EXERCISE DESCRIPTION | Please output the following records exactly. Leave every image out.

Start of MATERIAL TO PROCESS

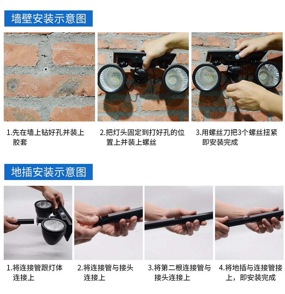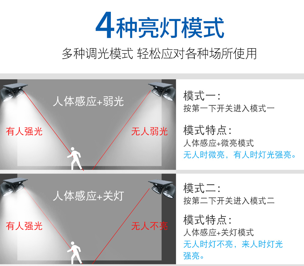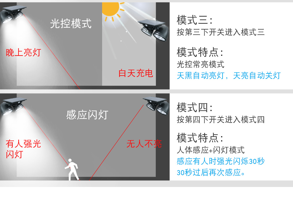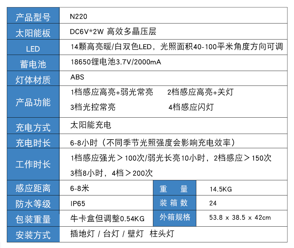 双灯头太阳能草坪灯高效多晶硅太阳能板充电,太阳能板可180°旋转,灯头可360°旋转太阳能板: DC6V*2W高效多晶压层太阳能板LED参数 : 14颗高亮暖/白双色LED,光照面积40-100平米角度方向可调工作时长: 1档感应强光>100次/弱光长亮12小时, 2档感应>150次 3档8小时, 4档>200次充电方式: 太阳能充电充电时长: 6-8小时(不同季
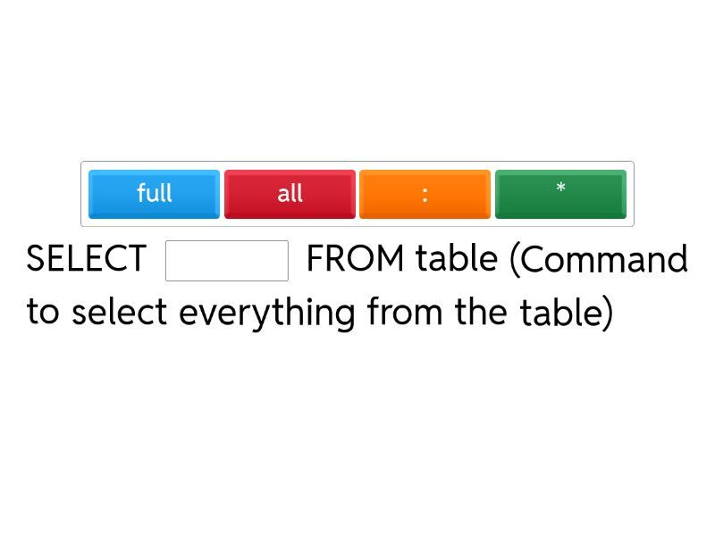 SELECT ____ FROM table (Command to select everything from the table) SELECT * FROM table ____ age > 3 (Command to introduce a condition) ____ age ____ 5 (Operator "Different from x") SELECT ____ FROM table (Command to show only section "age" from the table) ____ ____ 1 AND 100 (Operator "Between x and y") ____ ____(1,2,3,5) (Operator "In this list") SELECT age____ name FROM table (Used to separate the sections showed) ____ ____(1,2,3,6) (Operator "Not in this list") ____ name = ____ (Used to indicate a empty string (only with space)) SELECT * FROM table1____ table2 (Used to separate the tables showed)
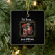 Celebrate eternal love with this hauntingly elegant Till Death double-sided ornament. The front features a gothic skeleton bride and groom framed in gold art deco accents with deep red roses, while the back displays your own dramatic wedding photo for a personalised touch. Perfect for gothic weddings, Halloween celebrations, or Day of the Dead–inspired unions, this keepsake captures love that lasts beyond time. Personalise with your names and date for a stunning memento or gift that symbolises forever devotion with dark, romantic flair.embellished with vibrant colours, ornate patterns, and delicate floral motifs. Their eye sockets are adorned with artistic designs, and their smiles are warm and inviting, despite their skeletal appearance.
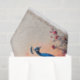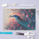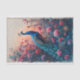 A pale background with filigree frames a peacock surrounded by delicate pink and blue flowers.
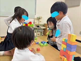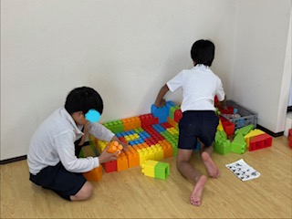 自由遊びの様子です。新しいブロックに興味津々で遊んでいましたよ💛
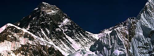 Пирамида голой каменной южной стены Эвереста доминирует над кажущейся с этой точки огромной Нуптце. С Кала Паттара хорошо виден Западный хребет, пройденный только через 10 лет после знаменитого восхождения Эдмунда Хиллари и Тенцинга Норгея, добавшихся до вершины через Юго-Западное седло. Этот маршрут (цирк и седло), прозванный за относительную техническую доступность “ячьей тропой”, можно рассмотреть, пройдя от вершины Кала Паттара по хребту в сторону Пумори.
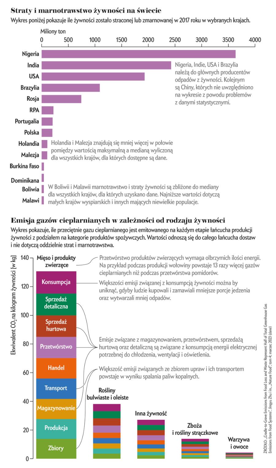Naukowcy stwierdzili, że podczas zbiorów, magazynowania, transportu i konsumpcji marnowała się około jedna trzecia żywności. Obliczyli, że to zmarnowane jedzenie odpowiadało w 2017 roku za emisję 9,3 mld ton dwutlenku węgla – to około połowa całej emisji systemu produkcji żywności. Z tego aż 44,3% przypadało na cztery kraje (Chiny, USA, Indie i Brazylia), co wynikało z ich dużej populacji oraz nawyków żywieniowych. Trzy czwarte emisji, które towarzyszyły produkcji żywności finalnie lądującej w koszu, przypadało na jedną kategorię: mięso i produkty zwierzęce.
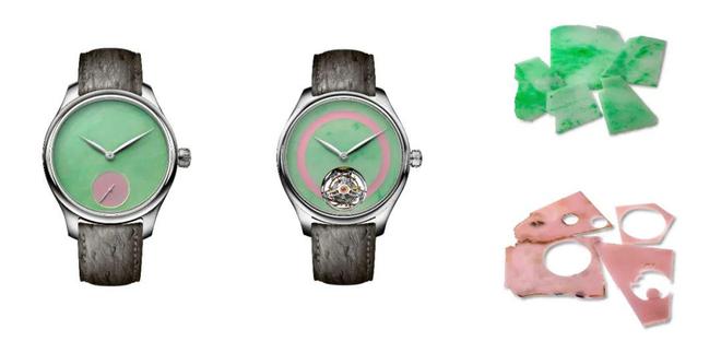 勇创者系列小三针概念版Pop腕表与勇创者系列陀飞轮概念版Pop腕表(缅甸玉和粉色欧泊表盘)
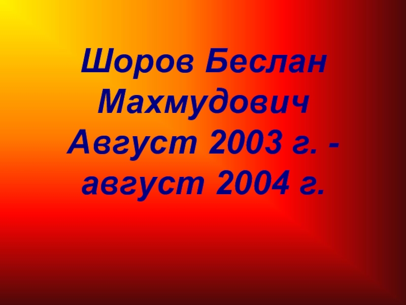 Слайд 17 Шоров Беслан Махмудович Август 2003 г. - август 2004 г.
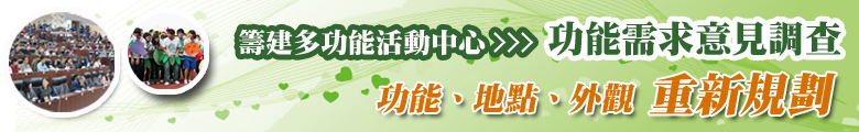 學校已依決議籌組專案規劃委員會並於10月8日召開第一次會議,經委員充分討論獲得共識,通過建物功能需求排序為:(1)學生活動中心;(2)展示廳(校史館、藝文中心);(3)校友聯誼場所;(4)中型活動場所;(5)室內運動場所等功能。惟相關需求及功能需再針對全校教職員生之意見做一蒐集,故請該委員會下的工作小組來執行相關之問卷調查,及舉辦一場公聽會,以廣泛蒐集、聽取師生意見,以作為委員會對此捐贈案之需求及興建地點之參考。另外林理事長也表示希望此捐贈案可以考量全校師生的需求來規劃此興建案,故設計此問卷調查表來蒐集大家的意見。
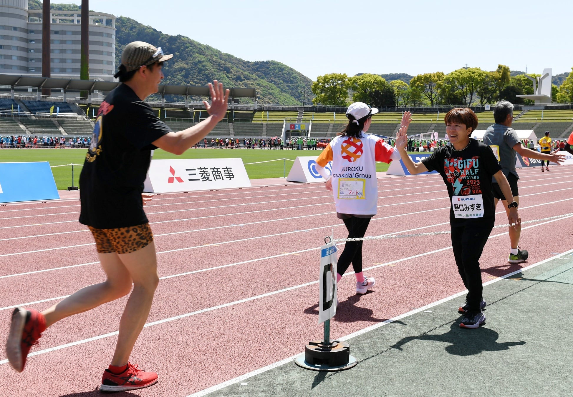 ぎふ清流ハーフマラソンには私も毎年、参加していますが、(岐阜には)音楽やおいしいものがたくさんあります。私も踊りながら応援しています。ぜひ、来てください。待っていますよー。
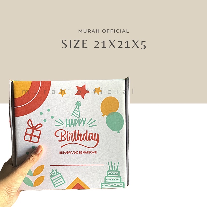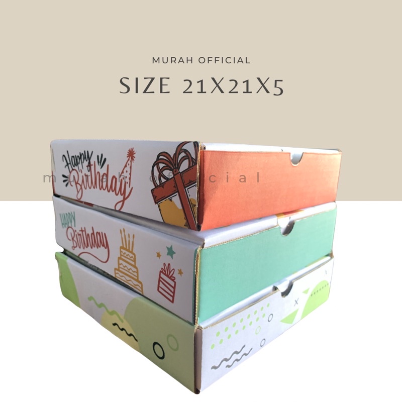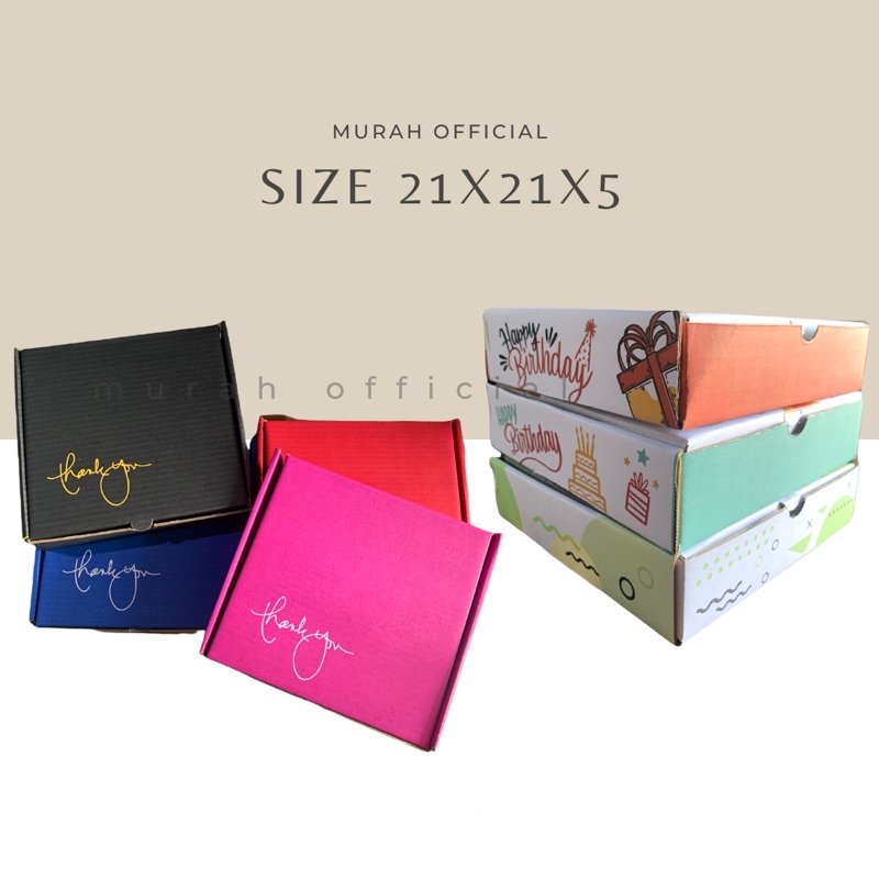 kardus 21x21x5 box warna merah hitam putih biru pink corak abstrak happy birthday kotak kotak kue brownies cookies souvenir karton coklat box hijab packaging hampers murah

End of MATERIAL TO PROCESS

RESULT FOR THIS TASK |
 双灯头太阳能草坪灯高效多晶硅太阳能板充电,太阳能板可180°旋转,灯头可360°旋转太阳能板: DC6V*2W高效多晶压层太阳能板LED参数 : 14颗高亮暖/白双色LED,光照面积40-100平米角度方向可调工作时长: 1档感应强光>100次/弱光长亮12小时, 2档感应>150次 3档8小时, 4档>200次充电方式: 太阳能充电充电时长: 6-8小时(不同季
 SELECT ____ FROM table (Command to select everything from the table) SELECT * FROM table ____ age > 3 (Command to introduce a condition) ____ age ____ 5 (Operator "Different from x") SELECT ____ FROM table (Command to show only section "age" from the table) ____ ____ 1 AND 100 (Operator "Between x and y") ____ ____(1,2,3,5) (Operator "In this list") SELECT age____ name FROM table (Used to separate the sections showed) ____ ____(1,2,3,6) (Operator "Not in this list") ____ name = ____ (Used to indicate a empty string (only with space)) SELECT * FROM table1____ table2 (Used to separate the tables showed)
 Celebrate eternal love with this hauntingly elegant Till Death double-sided ornament. The front features a gothic skeleton bride and groom framed in gold art deco accents with deep red roses, while the back displays your own dramatic wedding photo for a personalised touch. Perfect for gothic weddings, Halloween celebrations, or Day of the Dead–inspired unions, this keepsake captures love that lasts beyond time. Personalise with your names and date for a stunning memento or gift that symbolises forever devotion with dark, romantic flair.embellished with vibrant colours, ornate patterns, and delicate floral motifs. Their eye sockets are adorned with artistic designs, and their smiles are warm and inviting, despite their skeletal appearance.
 A pale background with filigree frames a peacock surrounded by delicate pink and blue flowers.
 自由遊びの様子です。新しいブロックに興味津々で遊んでいましたよ💛
 Пирамида голой каменной южной стены Эвереста доминирует над кажущейся с этой точки огромной Нуптце. С Кала Паттара хорошо виден Западный хребет, пройденный только через 10 лет после знаменитого восхождения Эдмунда Хиллари и Тенцинга Норгея, добавшихся до вершины через Юго-Западное седло. Этот маршрут (цирк и седло), прозванный за относительную техническую доступность “ячьей тропой”, можно рассмотреть, пройдя от вершины Кала Паттара по хребту в сторону Пумори.
Naukowcy stwierdzili, że podczas zbiorów, magazynowania, transportu i konsumpcji marnowała się około jedna trzecia żywności. Obliczyli, że to zmarnowane jedzenie odpowiadało w 2017 roku za emisję 9,3 mld ton dwutlenku węgla – to około połowa całej emisji systemu produkcji żywności. Z tego aż 44,3% przypadało na cztery kraje (Chiny, USA, Indie i Brazylia), co wynikało z ich dużej populacji oraz nawyków żywieniowych. Trzy czwarte emisji, które towarzyszyły produkcji żywności finalnie lądującej w koszu, przypadało na jedną kategorię: mięso i produkty zwierzęce.
 勇创者系列小三针概念版Pop腕表与勇创者系列陀飞轮概念版Pop腕表(缅甸玉和粉色欧泊表盘)
 Слайд 17 Шоров Беслан Махмудович Август 2003 г. - август 2004 г.
 學校已依決議籌組專案規劃委員會並於10月8日召開第一次會議,經委員充分討論獲得共識,通過建物功能需求排序為:(1)學生活動中心;(2)展示廳(校史館、藝文中心);(3)校友聯誼場所;(4)中型活動場所;(5)室內運動場所等功能。惟相關需求及功能需再針對全校教職員生之意見做一蒐集,故請該委員會下的工作小組來執行相關之問卷調查,及舉辦一場公聽會,以廣泛蒐集、聽取師生意見,以作為委員會對此捐贈案之需求及興建地點之參考。另外林理事長也表示希望此捐贈案可以考量全校師生的需求來規劃此興建案,故設計此問卷調查表來蒐集大家的意見。
 ぎふ清流ハーフマラソンには私も毎年、参加していますが、(岐阜には)音楽やおいしいものがたくさんあります。私も踊りながら応援しています。ぜひ、来てください。待っていますよー。
 kardus 21x21x5 box warna merah hitam putih biru pink corak abstrak happy birthday kotak kotak kue brownies cookies souvenir karton coklat box hijab packaging hampers murah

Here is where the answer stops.